1. Denial Code: CO 50

Description: Medical Necessity Denials

Medical necessity denials occur when payers determine that a gastroenterology service or procedure doesn’t meet the required clinical guidelines. In gastroenterology, these denials often impact procedures like colonoscopies, especially when documentation fails to clearly justify the need based on symptoms, risk factors, or screening recommendations. For example, a colonoscopy may be denied if it’s performed earlier than the recommended screening intervals without documenting symptoms or risk factors that warrant the early procedure.

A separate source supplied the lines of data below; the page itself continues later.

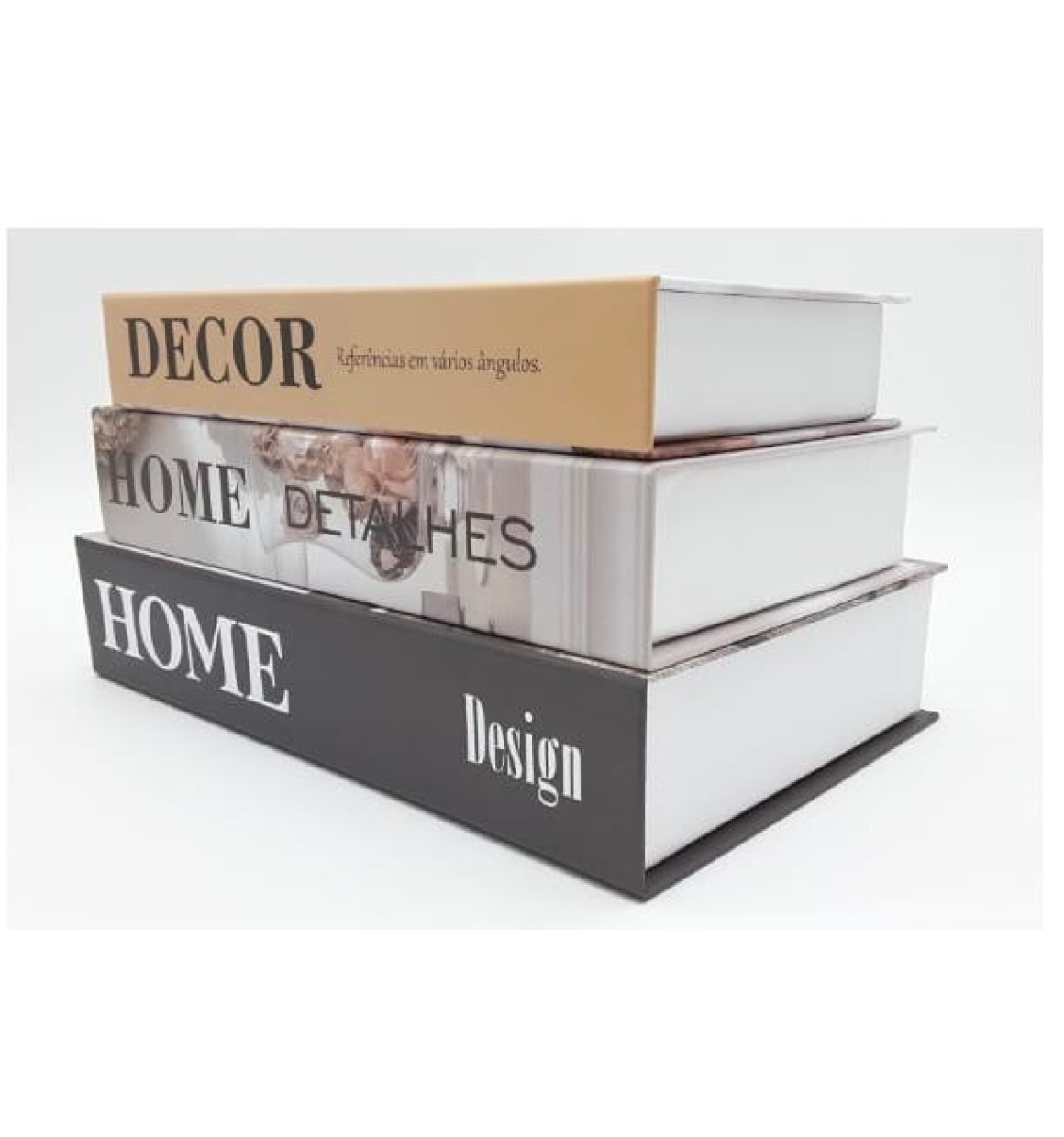 Caixa Livro Decorativa com 3 Peças - Home Design Preta
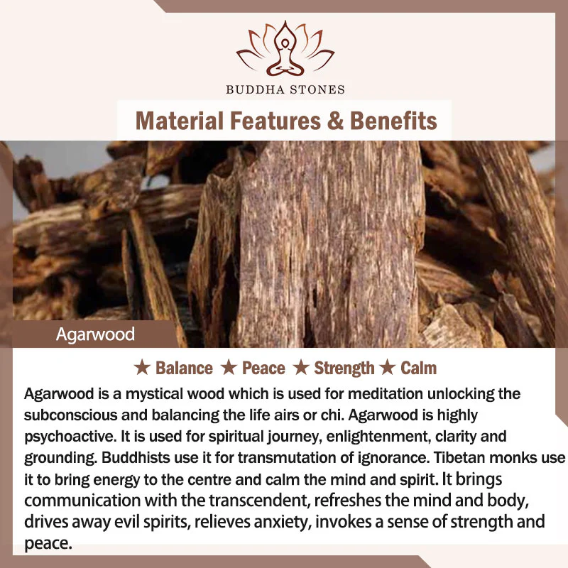 Agarwood is a mysterious wood used for meditation to unlock the subconscious and balance life energy. It is highly psychoactive, used for spiritual exploration, enlightenment, clarity, and grounding. It can help communicate with the transcendent, refresh the mind and body, drive away evil, relieve anxiety, and bring a sense of strength and peace.
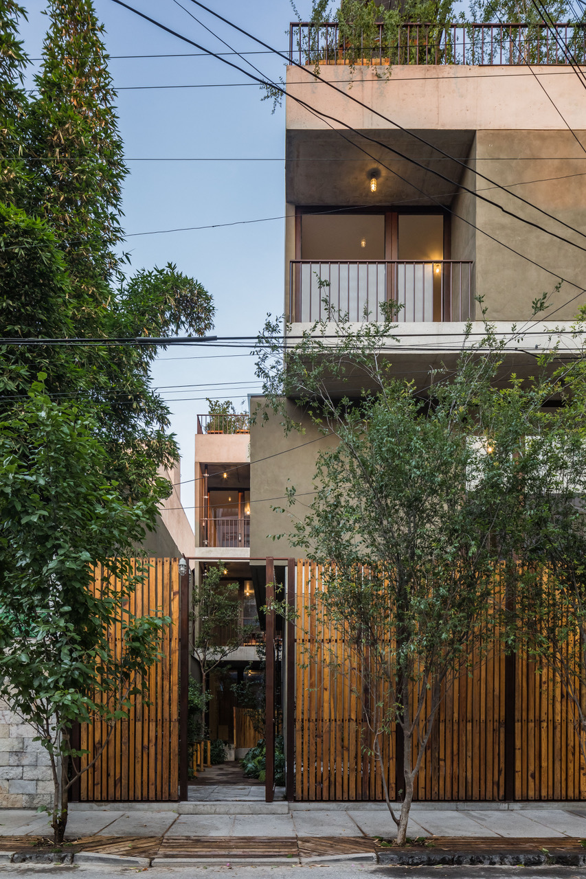 О проекте: TAXCO 25 – современный жилой комплекс в районе Рома-Сур в столице Мексики. Проект включал в себя строительство четырех корпусов, обустройство террас, эксплуатируемых кровлей и озеленение узкого пространства между улицей и домами.
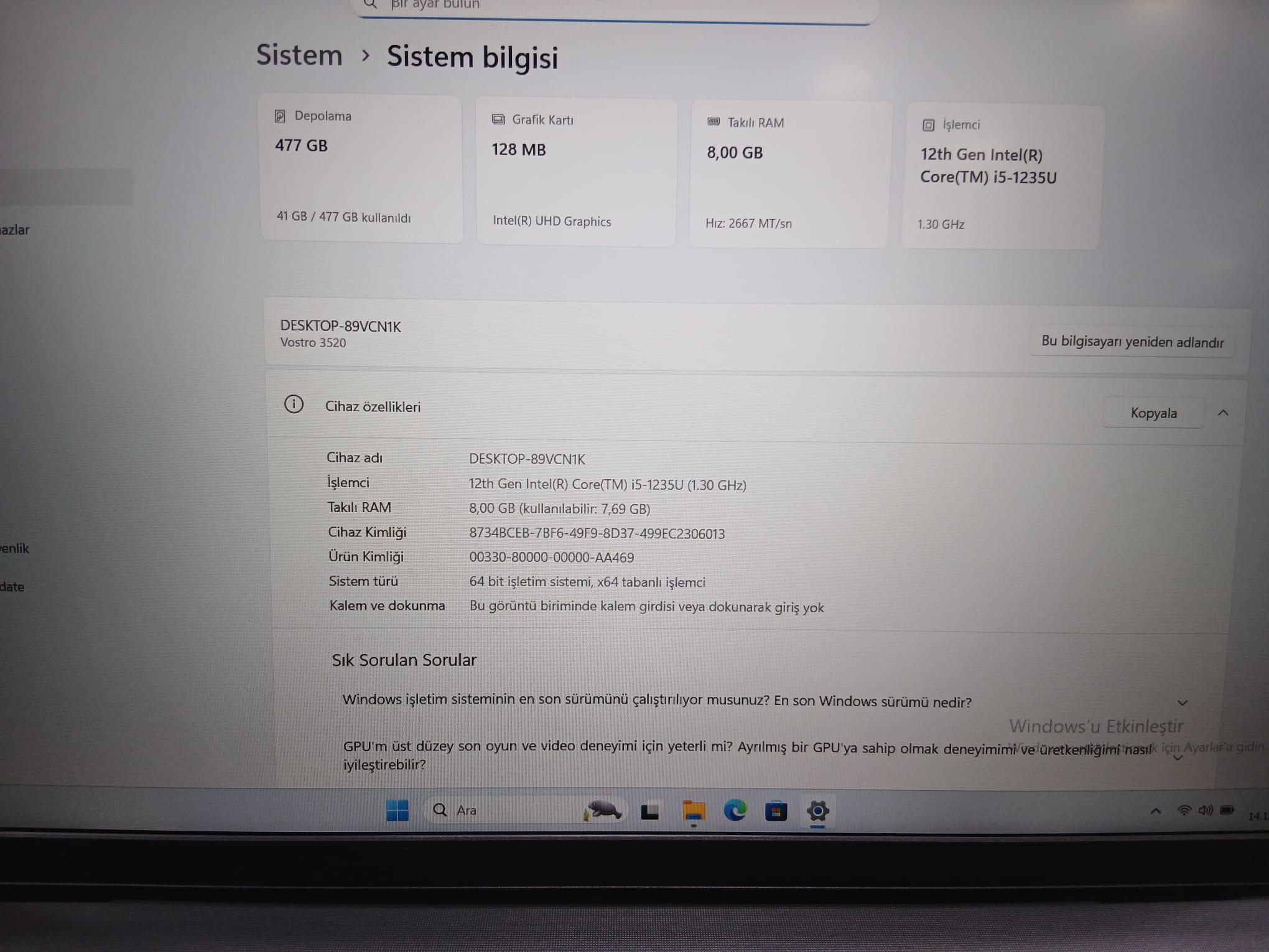 DELL İ5 12.NESİL İŞLEMCİ 8GB DDR5 RAM 500GB NVME SSD İNTEL UHD GRAPHİCS EKRAN KARTLI NOTEBOOK
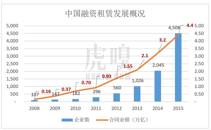 2008-2015年,我国融资租赁业务总量由1550亿增至4.4万亿元(以下货币单位如无特别说明,均为人民币);融资租赁企业数从107家增至4508家。外资一直是租赁业的主力,外资租赁企业占比从2012年的82.14%增至2015年的94.74%。2015年末,金融租赁企业、内资租赁企业和外资租赁企业分别有47家、190家和4271家。

Similarly, repeat endoscopic procedures performed within a short period may be denied if there’s insufficient evidence showing ongoing symptoms or a change in the patient’s condition. These denials are especially common with surveillance colonoscopies for patients with a history of polyps or inflammatory bowel disease, where accurate documentation of previous findings and adherence to recommended surveillance intervals are vital yet often lacking.

Prevention:

  • Create clear guidelines for physicians on documenting symptoms, risk factors, and clinical indications for endoscopic procedures
  • Implement screening tools to verify procedure intervals align with specialty guidelines (ACG, ASGE, AGA)
  • Document family history and personal risk factors thoroughly when recommending early screening
  • For surveillance colonoscopies, clearly document previous findings, pathology results, and recommended follow-up intervals
  • Create specific documentation templates for repeat procedures that clearly address persistence of symptoms or new clinical findings

2. Denial Code: CO 197

Description: Pre-certification/Authorization Issues

Authorization denials happen when pre-approval wasn’t obtained before performing a gastroenterology procedure that requires it. In GI practices, this often applies to advanced procedures like endoscopic ultrasound (EUS), ERCP, capsule endoscopy, and motility testing. These denials can be costly, as they typically result in full denial of payment for high-priced services. 

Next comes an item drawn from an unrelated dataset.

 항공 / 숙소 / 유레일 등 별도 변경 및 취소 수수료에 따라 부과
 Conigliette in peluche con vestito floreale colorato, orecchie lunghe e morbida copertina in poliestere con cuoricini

Securing prior authorization can be particularly difficult in urgent cases—such as acute GI bleeding or biliary obstruction—where immediate intervention is needed and waiting for approval may affect patient care. Additionally, payers often have specific and inconsistent requirements for authorizing these procedures, making the process even more complex for gastroenterology teams.

Prevention:

  • Implement a robust tracking system for gastroenterology procedure authorizations
  • Train scheduling staff on specific authorization requirements for advanced GI procedures
  • Establish protocols for urgent/emergent situations requiring retrospective authorization
  • Document all authorization numbers, dates, and specifics in both clinical and billing systems
  • Verify authorization status before performing GI procedures

3. Denial Code: CO 16

Description: Missing/Incomplete Information

These denials arise when claims are submitted with errors or missing details. In gastroenterology, they often stem from incorrect or incomplete diagnosis codes especially for complex conditions like inflammatory bowel disease, liver disorders, or functional GI issues. Other common problems include missing modifiers on endoscopic procedures or incomplete documentation of what was done during the procedure. 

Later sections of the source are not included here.